Final Thoughts on Libertarianism and Antidiscrimination Laws

Here is my final contribution to the Cato Unbound mini-colloquium on libertarianism and antidiscrimination laws.

Meanwhile, my friend Bryan Caplan criticizes my argument (read the original essay here) that Title II was justified on libertarian grounds to break up the Jim Crow cartel. He argues that the logical implications of my argument that Title II suggest that the government should also have regulated the speech and marriage markets:

In fact, simple deregulation probably would have worked better for business than for marriage or speech. Both marriage and speech have a strong herding component. Most individuals don’t want to marry a member of a group that most people don’t want to marry, and most individuals don’t want to say things that most people don’t want to say. Despite weak incentives to defy the cartel, though, deregulation still worked wonders. In for-profit business, on the other hand, contrarian strategies often pay, big time. The first firm that hires qualified minorities or accepts minorities’ patronage cleans up. That’s quite an incentive for defiance.

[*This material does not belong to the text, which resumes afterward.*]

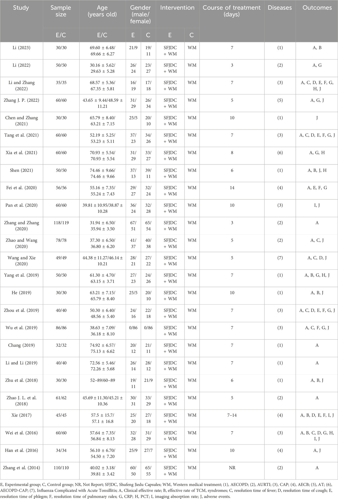 The 25 included studies involved 2681 patients, with 1339 in the experimental group and 1342 in the control group. All studies addressed wind-heat syndrome or wind-heat invading lung syndrome. The disease distribution was as follows: six studies (Li, 2022; Zhang and Zhang, 2020; Zhao and Wang, 2020; Wang and Zhao, 2020; Zhao J. L. et al., 2018; Zhang et al., 2014) on acute upper respiratory tract infections, seven on CAP (Li and Zhang, 2022; Tang et al., 2021; Xia et al., 2021; Pan et al., 2020; Zhou et al., 2019; Wu et al., 2019; Wei et al., 2016), 9 on AECOPD (Li, 2023; Chen and Zhang, 2021; Fei et al., 2020; Shen, 2021; Yang et al., 2019; He, 2019; Chang, 2019; Li and Li, 2019; Zhu et al., 2018), two on acute exacerbations of chronic bronchitis (AECB) (Xie, 2017; Han et al., 2016), and 1 on acute tracheobronchitis (Zhang J. P., 2022). In all trials, the experimental group received Shufeng Jiedu Capsules combined with biomedicine. The control group received biomedicine alone. Biomedical interventions mainly consisted of symptomatic and supportive treatments, including anti-infective therapy, cough relief, and phlegm reduction. The basic characteristics of the included studies are presented in Table 1.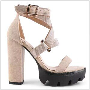 dress up or down casual to evening party event cocktail club clubbing high heels strappy ankle chunky platform faux suede versatile spring summer fun

I agree with Bryan that the segregationist cartel was very vulnerable to defectors, and, indeed, once Title II was passed, segregation in public places dissipated much more quickly and with far less violence and other resistance than almost anyone anticipated at the time.

However, the vulnerability of Jim Crow segregation was precisely the reason why white southerners who supported it were so intent on preventing any deviations from it. For example, in 1902, when Jim Crow was becoming firmly established, there were two private integrated universities in the South, one in Kentucky and one in Tennesse. By 1904, both states had passed laws forcing these universities to segregate. These universities were marginal institutions that served only a small fraction of the South’s populations, yet even border-state Kentucky couldn’t tolerate this small deviation from Jim Crow segregation.

Perhaps, as Bryan suggests, a 1964 law simply banning such segregation laws would have quickly led to the demise of the Jim Crow cartel. My reading of history, though, is that significant pockets of the South would have resisted through whatever formal and informal means were available, and that Title II was therefore necessary to break the cartel.